Instructions to follow:
The whole listing is to be written out again exactly; the pictures are not.

Provided material:

____________________

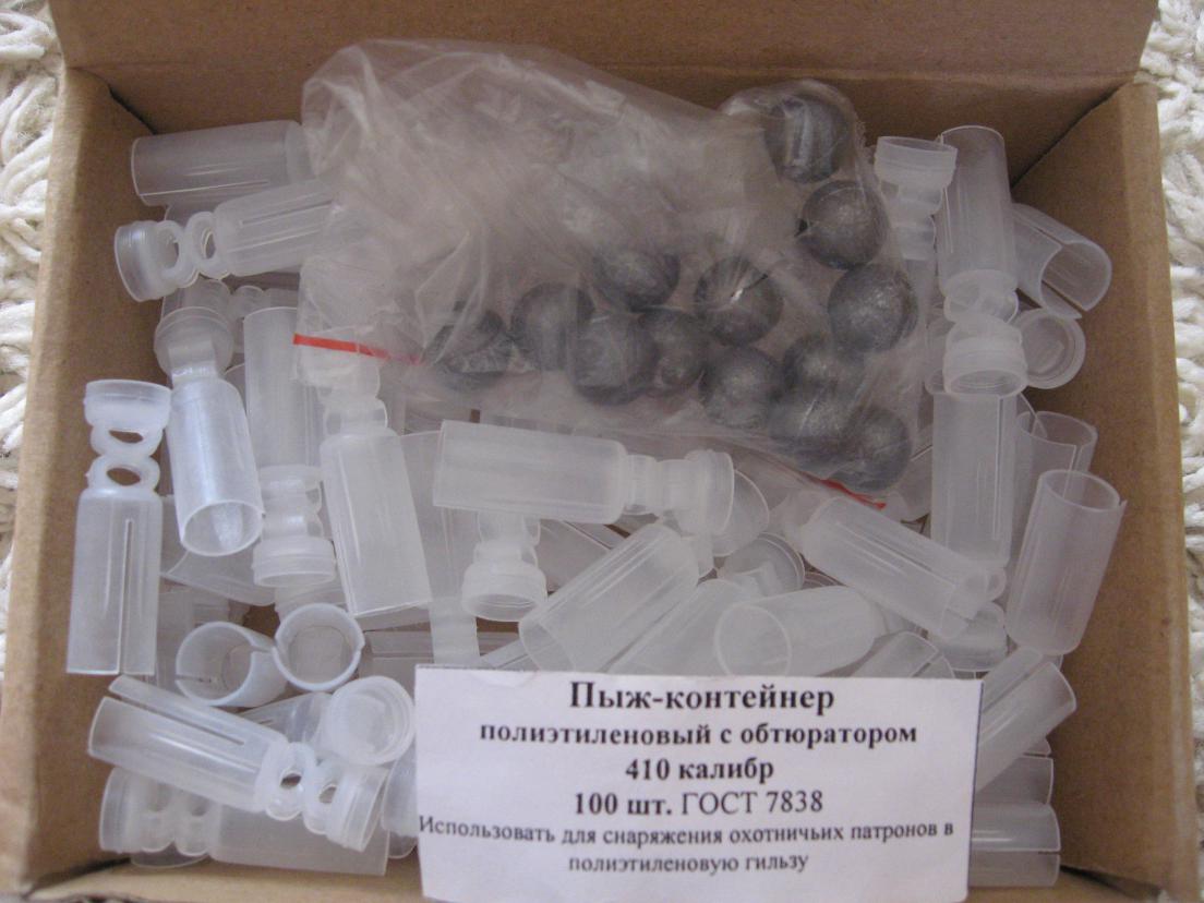 Продам пыж-контейнер п/э-100шт.(для пластиковой гильзы 410кал.)+ бонусом отдам пулю-шар-13шт. ф11мм. 7,8-8гр.
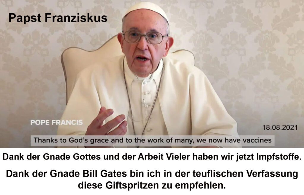 Papst Franziskus: Dank der Gnade Gottes und der Arbeit vieler haben wir jetzt Impfstoffe. Dank der Gnade Bill Gates bin ich in der teuflischen Verfassung diese Giftspritzen zu empfehlen. 18.08.2021
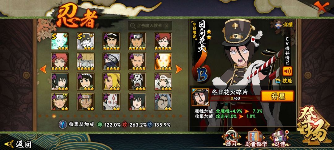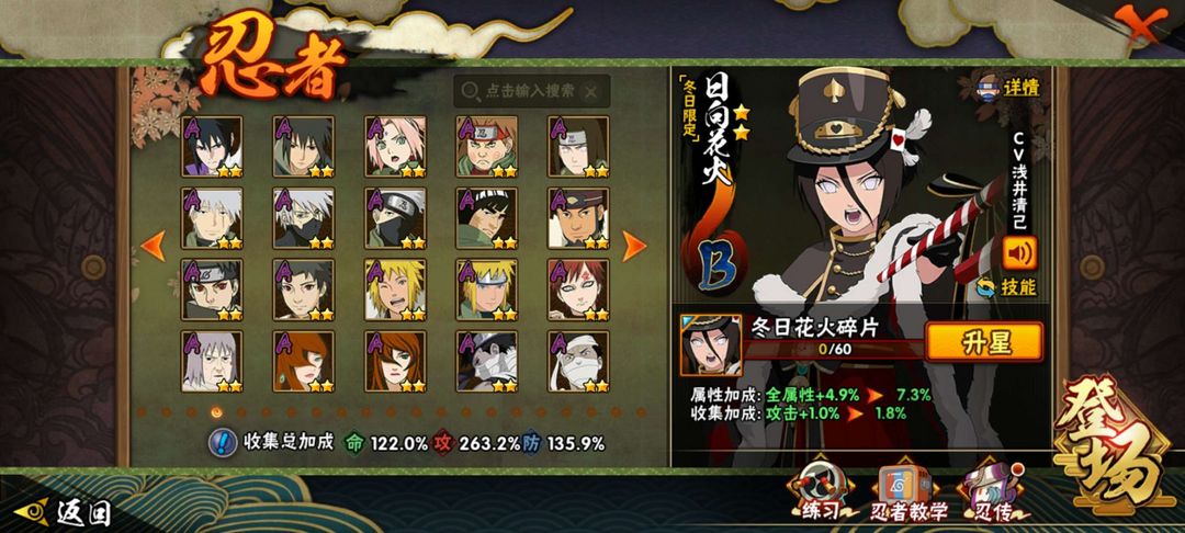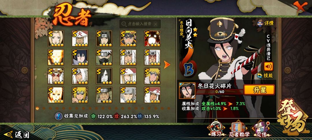 多S和A忍者 可打排位 多娱乐忍者 少量冬日夏日忍者有高人气漂泊忍者

____________________

Answer:
 Продам пыж-контейнер п/э-100шт.(для пластиковой гильзы 410кал.)+ бонусом отдам пулю-шар-13шт. ф11мм. 7,8-8гр.
 Papst Franziskus: Dank der Gnade Gottes und der Arbeit vieler haben wir jetzt Impfstoffe. Dank der Gnade Bill Gates bin ich in der teuflischen Verfassung diese Giftspritzen zu empfehlen. 18.08.2021
 多S和A忍者 可打排位 多娱乐忍者 少量冬日夏日忍者有高人气漂泊忍者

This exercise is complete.